The wild stocks of Pacific bluefin tuna, favored in Japan among sushi lovers, are on the brink of ruin. A draft summary of a new report looking into the survival of the species warns that the fish have now been depleted to just 2.6 percent of their original numbers, and are faring much worse than the last report on the species that was issued two years ago. Unless something is done now, the fish will soon be gone forever.
Issued by the International Scientific Committee for Tuna and Tuna-like Species in the North Pacific Ocean, the report will be fully reviewed by the committee in July. The report details that the tuna (Thunnus orientalis) is being harvested in some areas at up to three times the sustainable rate, and yet despite this, limits set after previous estimates were made still allowed some countries who fish the tuna to up their catch. At the current level of fishing, the report states that there is just a 0.1 percent chance that the species will recover to healthy numbers.
“The situation is really as bad as it appears,” Amanda Nickson, the director of Global Tuna Conservation at the Pew Charitable Trust, told the Associated Press. The current finding, produced by independent scientists, is much worse than estimates from the report released in 2014. Back then, they thought that the Pacific bluefin was sitting at around 4.2 percent of their pre-fishing stock, which was already considered dire. Now it seems the situation has become worse, with a population decline of more than 97 percent over less than a decade.
Over 80 percent of all Pacific bluefin tuna is consumed by the Japanese, who favor the fish for sushi. Large tuna specimens can sell for upward of $1 million. Sean Pavone/Shutterstock
Even up until 2014, it was thought that their recruitment numbers, or the number of fish that survive to adulthood, averaged at around 15 million individuals.
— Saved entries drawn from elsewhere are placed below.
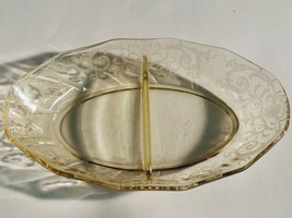 A clear glass plate with a decorative edge and a central design sits on a white surface. | Vintage Fostoria "Versailles" Etched Topaz Divided Relish Dish Bowl *Rare* - $35.64 | 41b4f5b6ad2a51813a3c8a51b2ddaf91146d2196699dc403d7c115f1812cece1 | 000000011341 | 0 | 0 | 17 | 12 | 0 | 0 | |
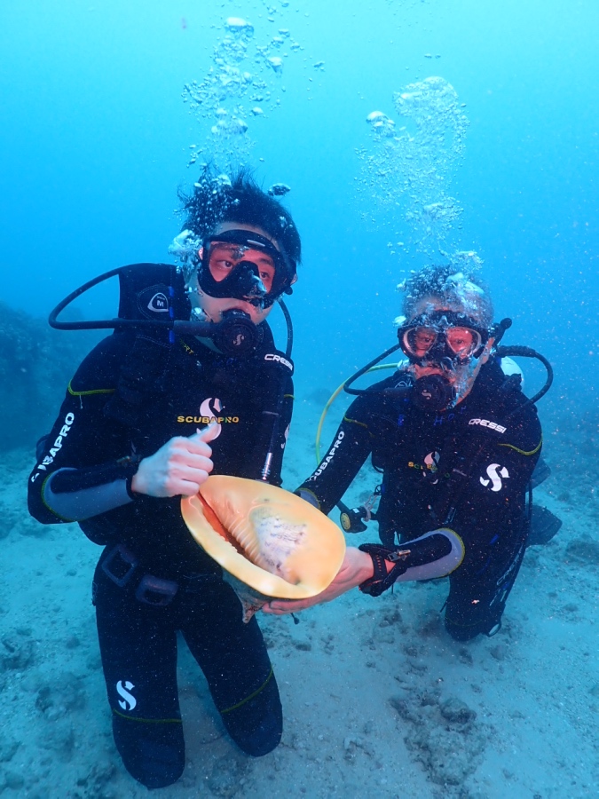 これは「トウカムリ」という種類の巻貝です。お二人の顔の大きさと比べても、その巨大さがよくわかりますよね。実際に手で触れて、その重さや質感を確かめられるのもダイビングならではの面白い体験です。海の不思議な生き物との出会いに、大人も子供も大興奮の瞬間でした。
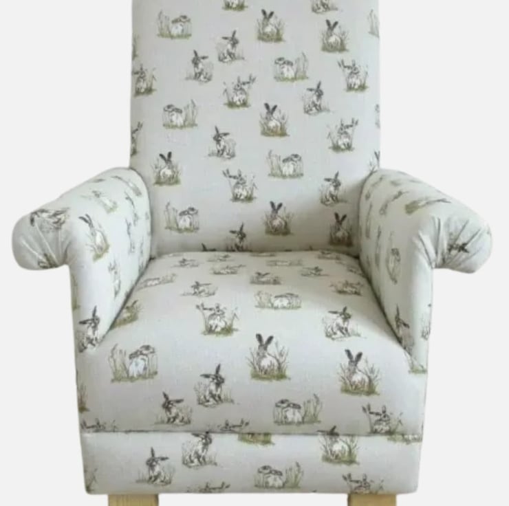 I am a professional upholsterer with over 33 years experience, and have made this sturdy little CHILD’S chair, using Vintage Hares fabric.
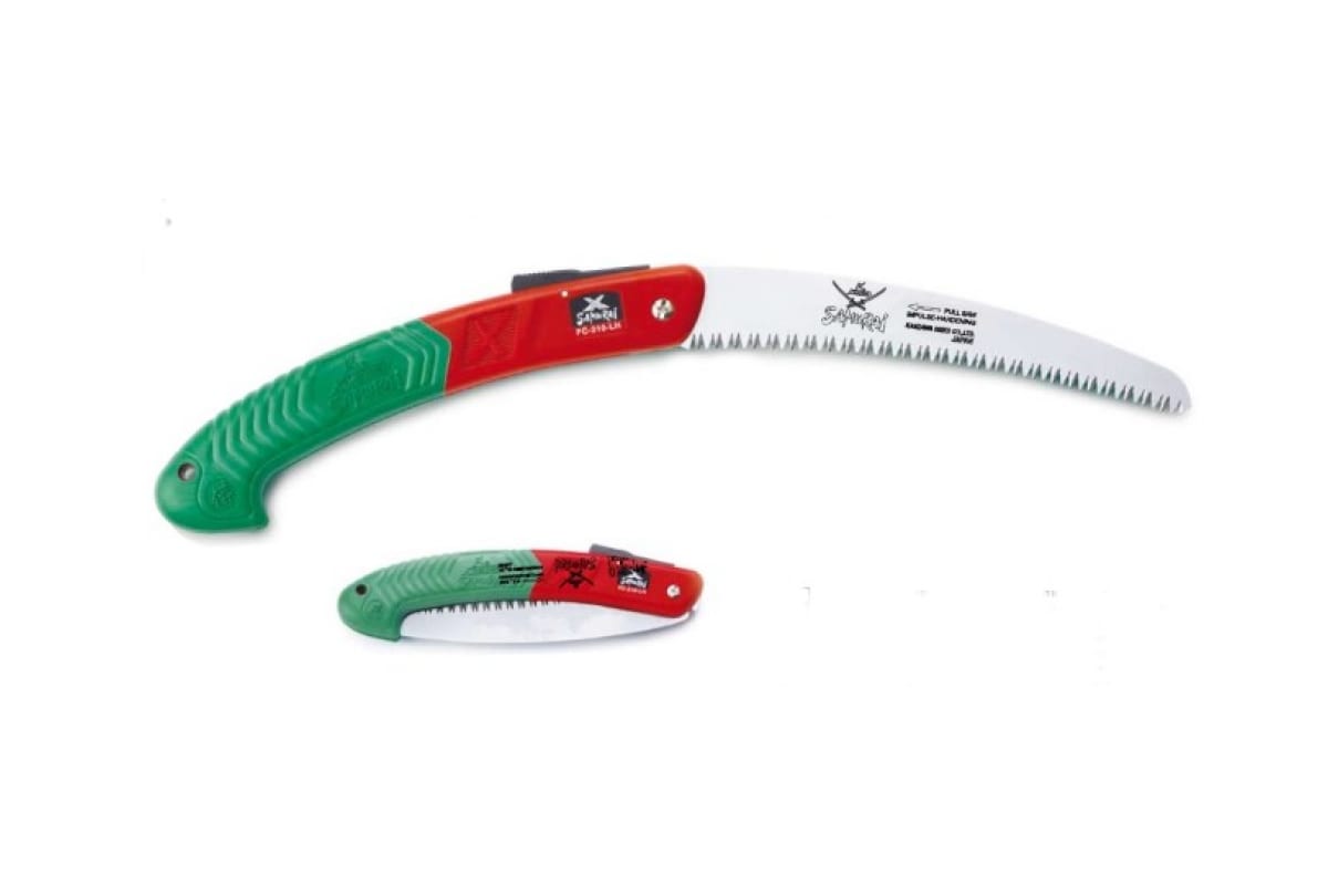 Пила складная с фиксатором изогнутое полотно SAMURAI FC-240-LH — надежный помощник по уходу за кустарниками и небольшими деревьями в саду. Она также пригодится на рыбалке и в турпоходе. Инструмент предназначен для распила сухой древесины и небольших деревьев, обрезки ветвей. Зубья закалены индукционными токами и имеют трехгранную заточку, что в сочетании с зауженным утонченным полотном обеспечивает легкий и ровный рез, в том числе обратный. Особенно пила эффективна при работе выше уровня плеча. Изделие обладает износоустойчивостью и способно выдерживать интенсивные нагрузки.

In 2011, the International Union for the Conservation of Nature only considered the fish to be of “least concern.” Within just a couple of years, however, their numbers declined so sharply that this had to be reconsidered, although even today they are still listed as “vulnerable.”
Nowadays, it is thought that fewer than 3.7 million of the fish survive to adulthood each year, the second lowest level ever recorded. Even if fisheries agreed to cut the level of tuna caught by a fifth, the chance that the species will recover to healthy levels is still only estimated to be at 3 percent. One of the main issues stopping the sustainable management of the tuna is the fact that they migrate such vast distances within the Pacific, meaning that they cross into a multitude of different fisheries. This has led to the call for a single organization to take control of their management.
So far, organizations that help manage bluefin fisheries have established a goal of increasing Pacific bluefin numbers to 6.4 percent of original stock by 2024, but even this is thought to be way lower than the level needed for a sustainable fishery, estimated to be around 20 percent of pre-fishing levels. In order for this to happen, the number of tuna caught has to be dramatically cut – and soon.